Speech enhancement

11. Speech enhancement#

When using speech technology in real environments, we are often faced with less than perfect signal quality. For example, if you make a phone call at cafeteria, typically you have plenty of other people speaking in the background, there could be music playing and the room itself can have reverberation. Such effects distort the desired speech signal such that the receiving end, the desired speech sounds less pleasant, requires more effort to understand or at the worst case, it becomes less intelligible.
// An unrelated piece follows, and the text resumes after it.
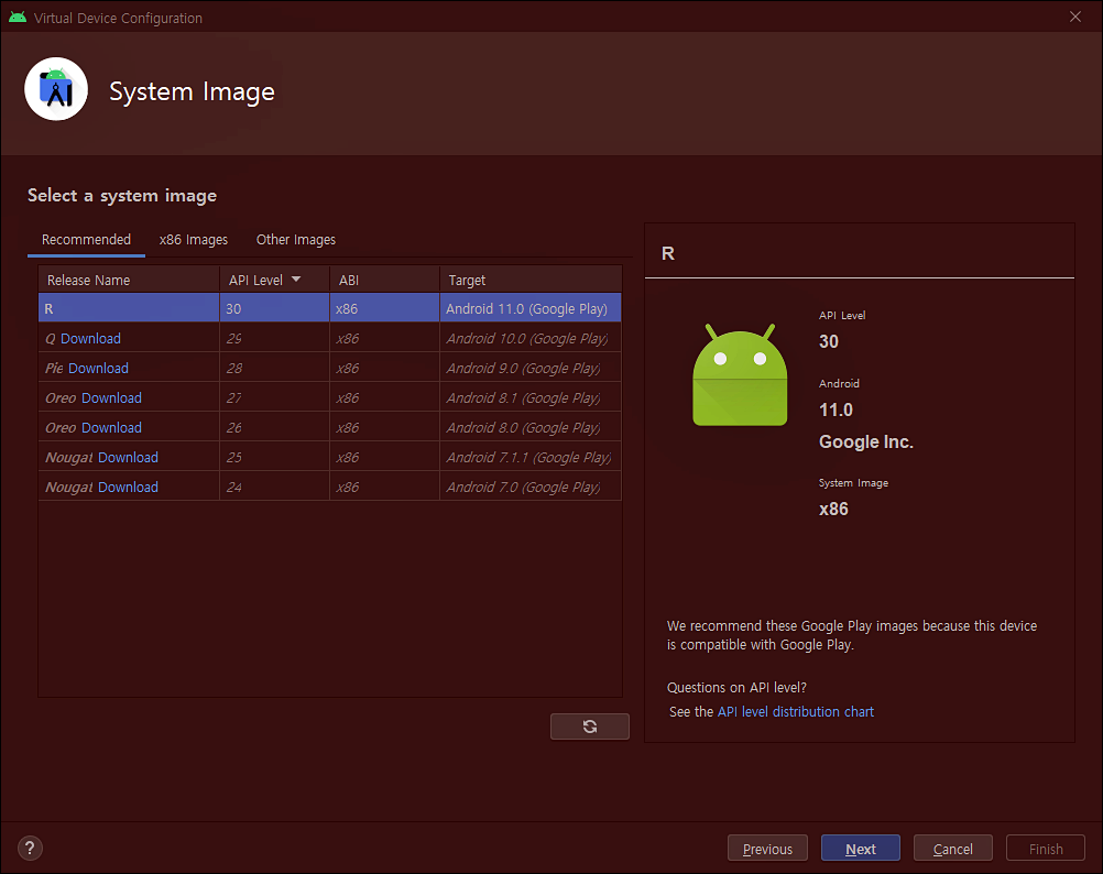 그럼 위와 같이 폰 생성이 나옵니다. 저는 그냥 픽셀 2로 진행하겠습니다.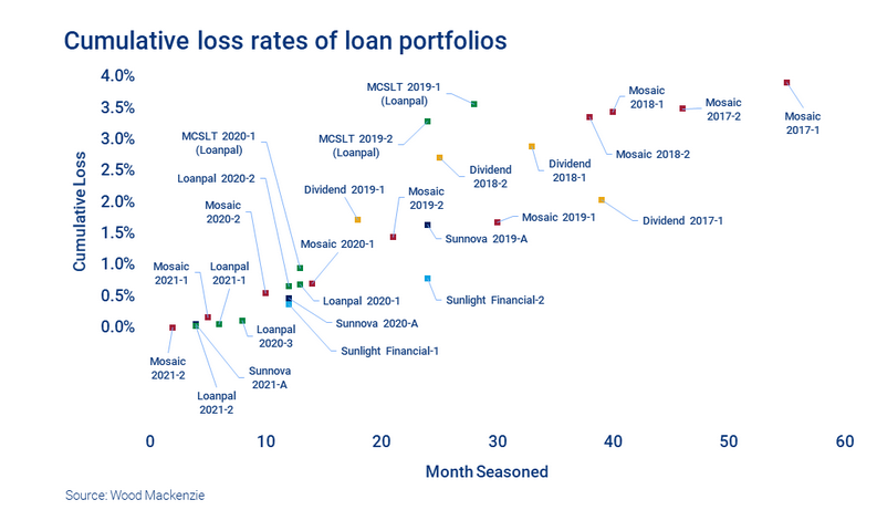 金融家繼續(xù)報告各種租賃、購電協(xié)議、貸款組合的低拖欠率和損失率。投資者現(xiàn)在可以獲得某些投資組合近五年的業(yè)績數(shù)據(jù)。而隨著時間的推移,有更好表現(xiàn)的供應(yīng)商應(yīng)該在未來的交易中獲得更低的資本成本。

Speech enhancement refers to methods which try to reduce such distortions, to make speech sounds more pleasant, reduce listening effort and improve intelligibility.

The most prominent categories of speech enhancement are:

Noise attenuation, where we try to extract the desired speech signalm when distorted by background noise(s).
Echo cancellation and feedback cancellation are used when the sound played from a loudspeaker is picked up by a microphone distorting the desired signal.
Bandwidth extensions refers to methods which convert a signal at a lower sampling rate to a higher sampling rate and fills the missing range of the spectrum with some plausible content.
Dereverberation refers to methods which attenuate the effect of room acoustics on the desired signal.
Source separation methods try to extract sounds of single sources from a mixture, for example, in the classical cocktail-party problem, we would like to isolate single speakers when multiple people are talking at the same time.
Beamforming refers to spatially selective methods, where the objective is isolate sounds coming from a particular direction, by using the information about the spatial separation of a set of microphones.
Active noise cancellation methods aim to attenuate noises in the

The objective of speech enhancement however requires a bit more consideration. In its most classical form, the objective is to extract a clean speech signal from a distorted mixture, where the distortions can be background and sensor noises, as well as room reverberation. Here the clean reference signal is considered to be that signal which would be rerecorded with a microphone close to the speaker, which does not contain said noises or reverberation. It is then clear that it will be challenging to obtain realistic data, since even a microphone close to the speaker will usually contain background noises and effect of reverberation. For development of methods, it is therefore often difficult to obtain data which would accurately correspond to a realistic situation. In any case, a typical objective would be to improve the signal to noise ratio (with or without perceptual weighting) as much as possible.

A more challenging scenario is when two or more persons are speaking in the same acoustic environment. The second speaker can then be viewed as a competing speaker (undesired source) or as a discussion partner (desired source). Even if the two speakers are in an interaction with each other, then often they will speak on top of each other, even if stereotypically we think of a dialogue as a non-overlapping back and forth exchange of non-overlapping arguments. If we want to separate between the two speakers, then overlaps are difficult, because the statistics of the both speech signals will be rather similar, whereas noise signals with distinct statistics are easier to attenuate.

Sometimes we do not want to remove all distortions entirely, but just attenuate their effect. Completely removing artefacts can sometimes make the signal sound unnatural and besides removing distortions, processing methods also almost always distorts the desired signal. Therefore, to retain a natural-sounding signal and to minimize distortion of the desired speech signal, we often limit the extent to which distortions are removed.

A further aspect of enhancement is intelligibility and pleasantness; as a starting point, observe that the speech of some people is by nature difficult to understand or otherwise just annoying (unpleasant). It then conceivable that we device some processing which improves the speech signal to better than the original. What “sounds better” is however a difficult concept, since we do not have unambiguous measures for “how good it sounds” and opinions between listeners will certainly diverge.

Intelligibility with regard to human listeners is similarly complicated as pleasantness, but luckily, we can use speech recognition engines to obtain objective measures. That is, if we give noisy and improved speech signals to a speech recognizer, we can determine the recognition performance in both cases to estimate the benefit obtained with our processing.